Could you transcribe exactly the lines below, from the line with "29,4 x 7,2 cm." through the line with "2017年上半年江苏省共有5", and nothing else, leaving out the pictures?

**MATERIAL FOR THE TASK**

_____

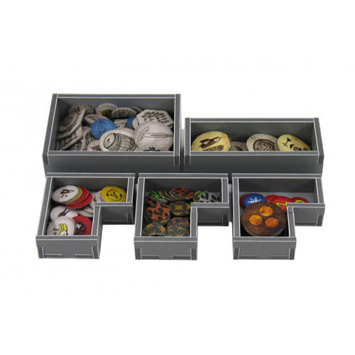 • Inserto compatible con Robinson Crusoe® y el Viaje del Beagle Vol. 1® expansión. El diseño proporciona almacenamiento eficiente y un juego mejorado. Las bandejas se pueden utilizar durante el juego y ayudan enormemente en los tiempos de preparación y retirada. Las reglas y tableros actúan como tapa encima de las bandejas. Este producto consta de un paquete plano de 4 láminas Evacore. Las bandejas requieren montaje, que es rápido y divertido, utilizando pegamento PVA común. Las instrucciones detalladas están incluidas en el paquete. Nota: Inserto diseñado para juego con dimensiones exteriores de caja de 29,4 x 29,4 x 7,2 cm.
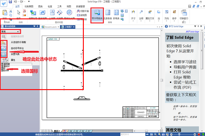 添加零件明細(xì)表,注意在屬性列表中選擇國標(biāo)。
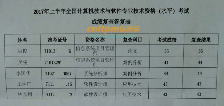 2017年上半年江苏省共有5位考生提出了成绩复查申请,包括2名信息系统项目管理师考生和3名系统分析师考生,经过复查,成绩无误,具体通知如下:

_____

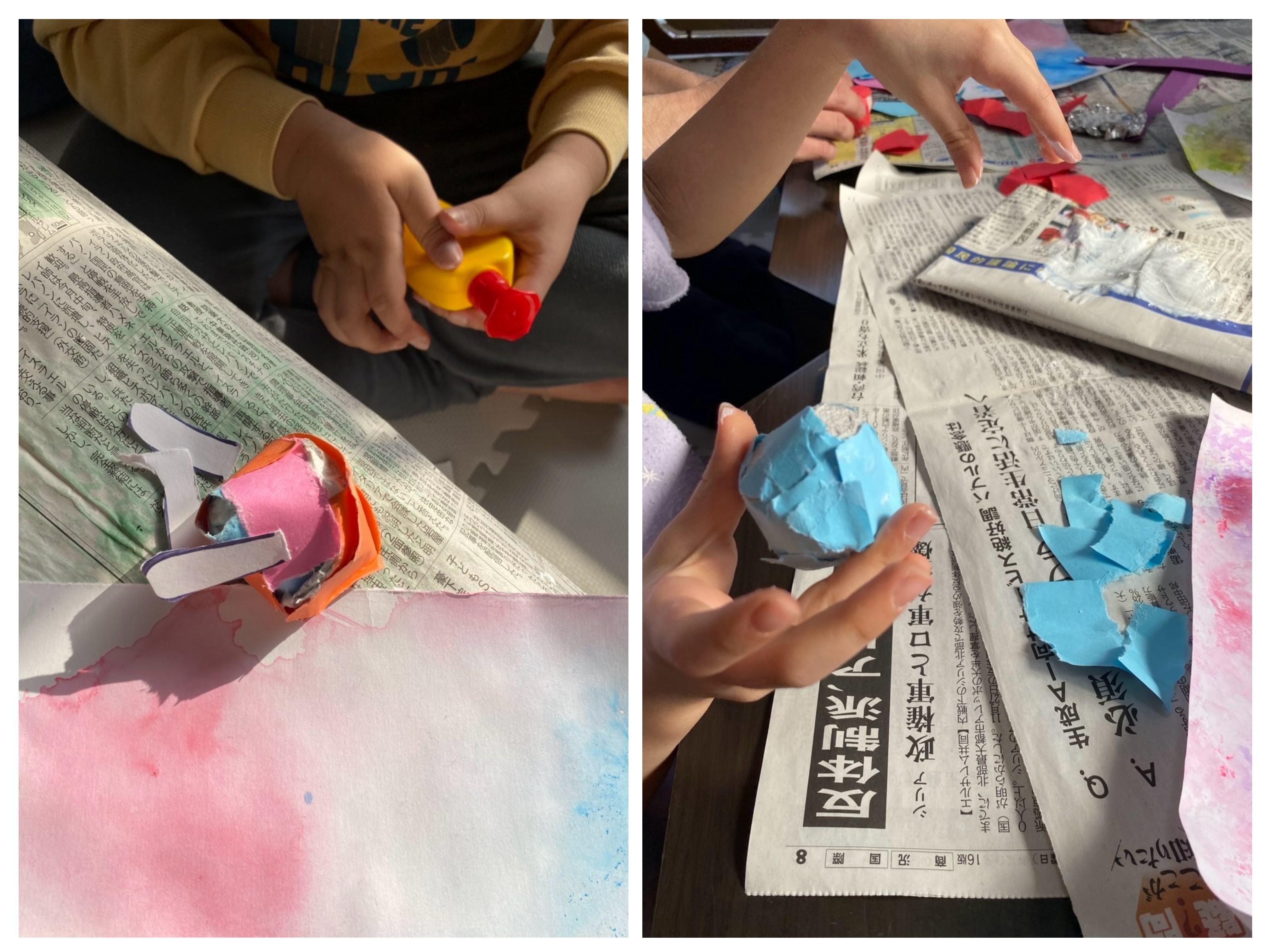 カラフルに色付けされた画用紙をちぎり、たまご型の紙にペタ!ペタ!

_____

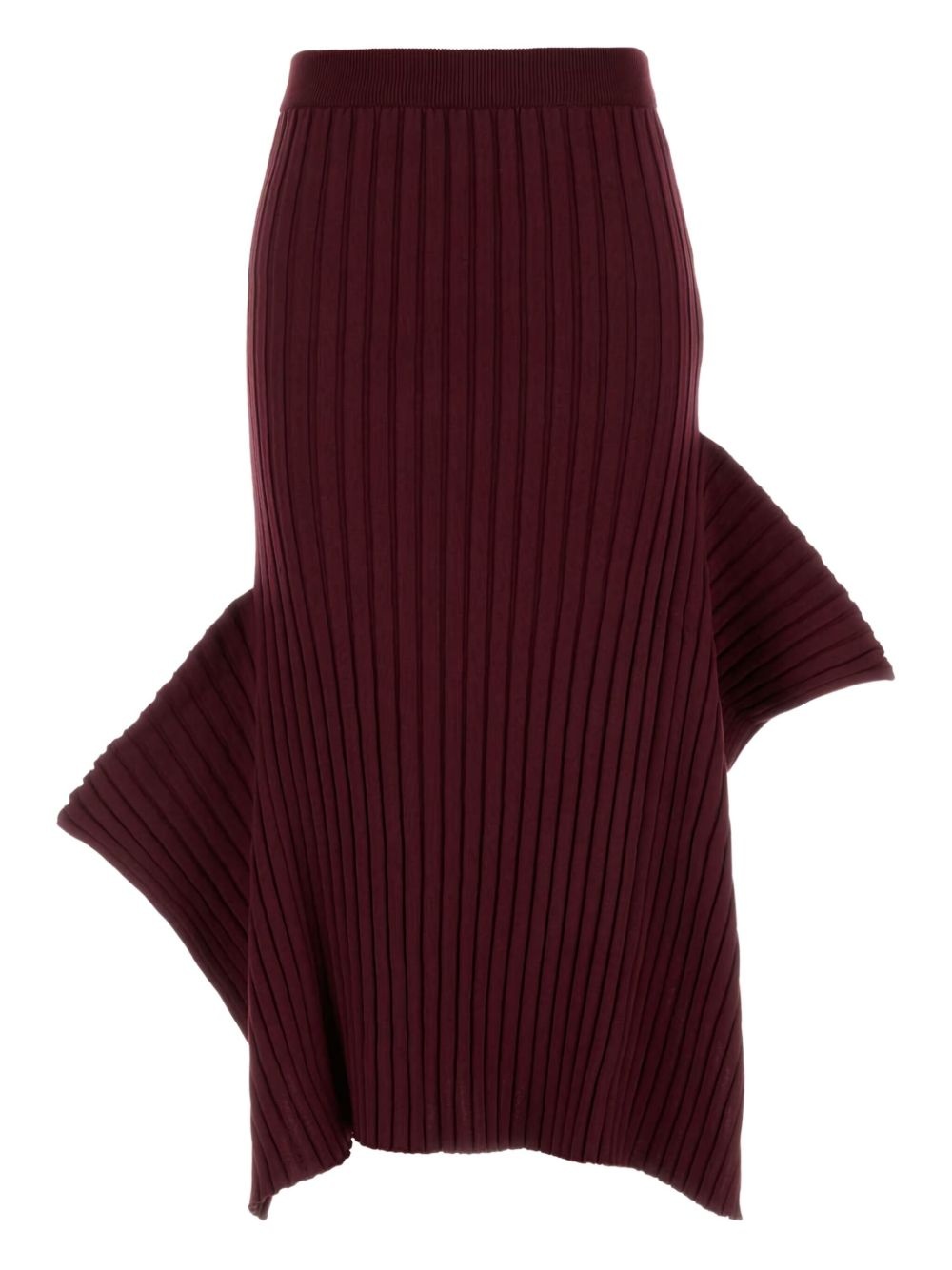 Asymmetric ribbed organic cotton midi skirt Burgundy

_____

**RESULT**
 • Inserto compatible con Robinson Crusoe® y el Viaje del Beagle Vol. 1® expansión. El diseño proporciona almacenamiento eficiente y un juego mejorado. Las bandejas se pueden utilizar durante el juego y ayudan enormemente en los tiempos de preparación y retirada. Las reglas y tableros actúan como tapa encima de las bandejas. Este producto consta de un paquete plano de 4 láminas Evacore. Las bandejas requieren montaje, que es rápido y divertido, utilizando pegamento PVA común. Las instrucciones detalladas están incluidas en el paquete. Nota: Inserto diseñado para juego con dimensiones exteriores de caja de 29,4 x 29,4 x 7,2 cm.
 添加零件明細(xì)表,注意在屬性列表中選擇國標(biāo)。
 2017年上半年江苏省共有5位考生提出了成绩复查申请,包括2名信息系统项目管理师考生和3名系统分析师考生,经过复查,成绩无误,具体通知如下:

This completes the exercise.